Quick Links

Re: Logical Replication of sequences

From:	Dilip Kumar <dilipbalaut(at)gmail(dot)com>
To:	vignesh C <vignesh21(at)gmail(dot)com>
Cc:	Masahiko Sawada <sawada(dot)mshk(at)gmail(dot)com>, Amit Kapila <amit(dot)kapila16(at)gmail(dot)com>, Peter Eisentraut <peter(at)eisentraut(dot)org>, PostgreSQL Hackers <pgsql-hackers(at)lists(dot)postgresql(dot)org>, Tomas Vondra <tomas(dot)vondra(at)enterprisedb(dot)com>, Euler Taveira <euler(at)eulerto(dot)com>, Michael Paquier <michael(at)paquier(dot)xyz>, "Hayato Kuroda (Fujitsu)" <kuroda(dot)hayato(at)fujitsu(dot)com>, Hou, Zhijie/侯志杰 <houzj(dot)fnst(at)fujitsu(dot)com>, "Katz, Jonathan" <jkatz(at)amazon(dot)com>
Subject:	Re: Logical Replication of sequences
Date:	2024-06-12 05:21:29
Message-ID:	CAFiTN-vg6JBdu93T74o8F3n_hHdaj+-YdD4jRbOCvybF_RwwRg@mail.gmail.com
Views:	Whole Thread \| Raw Message \| Download mbox \| Resend email
Thread:
Lists:	pgsql-hackers

On Tue, Jun 11, 2024 at 4:06 PM vignesh C <vignesh21(at)gmail(dot)com> wrote:
>
> Amit and I engaged in an offline discussion regarding the design and
> contemplated that it could be like below:

If I understand correctly, does this require the sequences to already
exist on the subscribing node before creating the subscription, or
will it also copy any non-existing sequences?
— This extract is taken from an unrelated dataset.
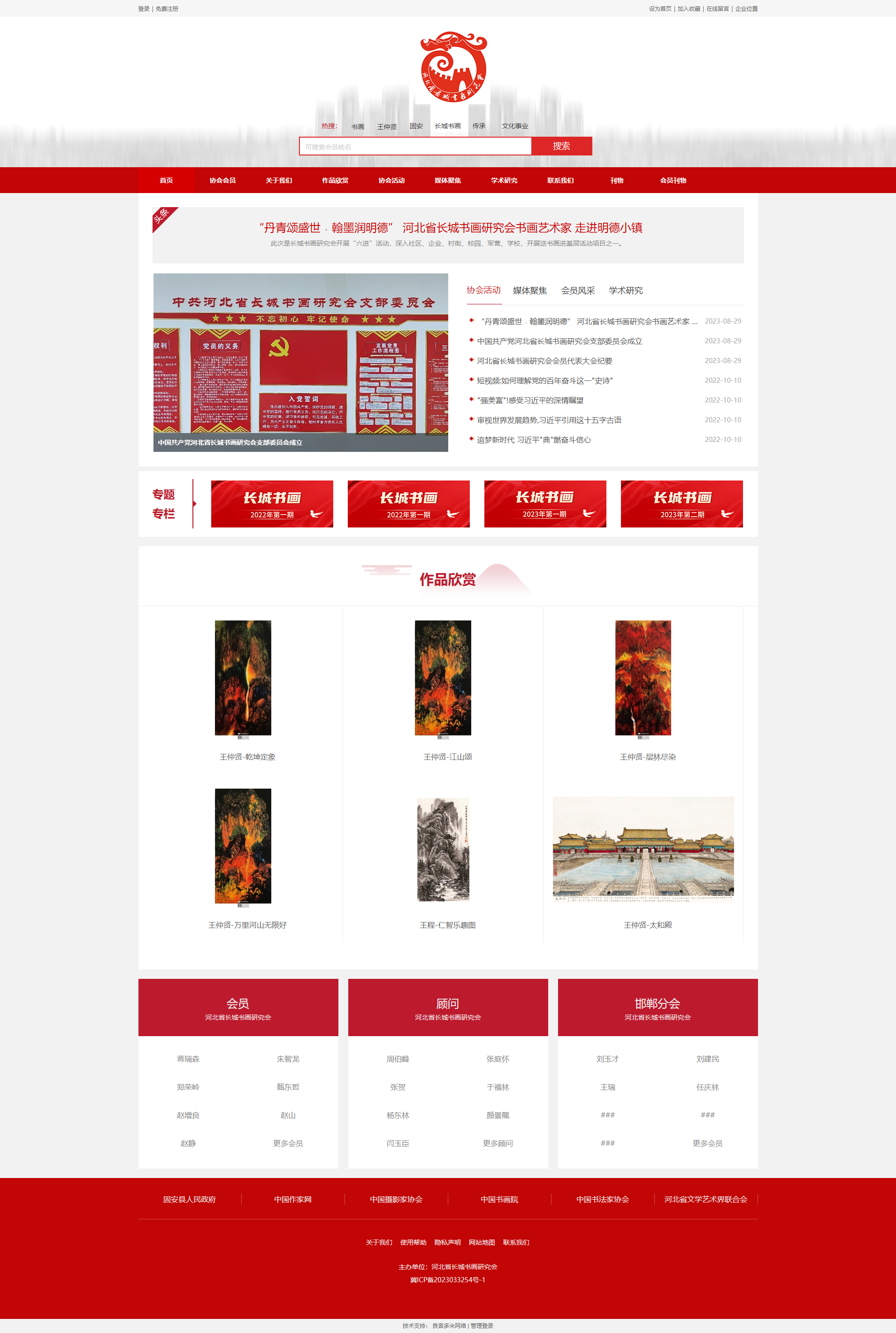 河北省長城書畫研究會(huì)黨支部書記、副會(huì)長李棣堂代表全體會(huì)員表態(tài)發(fā)言。他說,將不負(fù)所望盡其所能為弘揚(yáng)發(fā)展長城文化盡職盡責(zé)。弘揚(yáng)長城藝術(shù),傳播中華文明;立足民族傳統(tǒng),對(duì)接世界潮流;樹立法律意識(shí),加強(qiáng)行業(yè)自律;深入社會(huì)生活,奉獻(xiàn)精品力作;推崇弘道養(yǎng)正,反對(duì)低級(jí)庸俗;尊重公民權(quán)益,抵制侵權(quán)行為;遵守社會(huì)公德,踐行德藝雙修;堅(jiān)持百花齊放,倡導(dǎo)百家爭鳴;反對(duì)拉幫結(jié)派,提倡互尊互助;尊重藝術(shù)規(guī)律,倡導(dǎo)健康評(píng)論,自覺接受群眾、輿論和社會(huì)監(jiān)督。

> 1) CREATE PUBLICATION syntax enhancement:
> CREATE PUBLICATION ... FOR ALL SEQUENCES;
> The addition of a new column titled "all sequences" in the
> pg_publication system table will signify whether the publication is
> designated as all sequences publication or not.
>
> 2) CREATE SUBSCRIPTION -- no syntax change.
> Upon creation of a subscription, the following additional steps will
> be managed by the subscriber:
> i) The subscriber will retrieve the list of sequences associated with
> the subscription's publications.
> ii) For each sequence: a) Retrieve the sequence value from the
> publisher by invoking the pg_sequence_state function. b) Set the
> sequence with the value obtained from the publisher. iv) Once the
> subscription creation is completed, all sequence values will become
> visible at the subscriber's end.
>
> An alternative design approach could involve retrieving the sequence
> list from the publisher during subscription creation and inserting the
> sequences with an "init" state into the pg_subscription_rel system
> table. These tasks could be executed by a single sequence sync worker,
> which would:
> i) Retrieve the list of sequences in the "init" state from the
> pg_subscription_rel system table.
> ii) Initiate a transaction.
> iii) For each sequence: a) Obtain the sequence value from the
> publisher by utilizing the pg_sequence_state function. b) Update the
> sequence with the value obtained from the publisher.
> iv) Commit the transaction.
>
> The benefit with the second approach is that if there are large number
> of sequences, the sequence sync can be enhanced to happen in parallel
> and also if there are any locks held on the sequences in the
> publisher, the sequence worker can wait to acquire the lock instead of
> blocking the whole create subscription command which will delay the
> initial copy of the tables too.

Yeah w.r.t. this point second approach seems better.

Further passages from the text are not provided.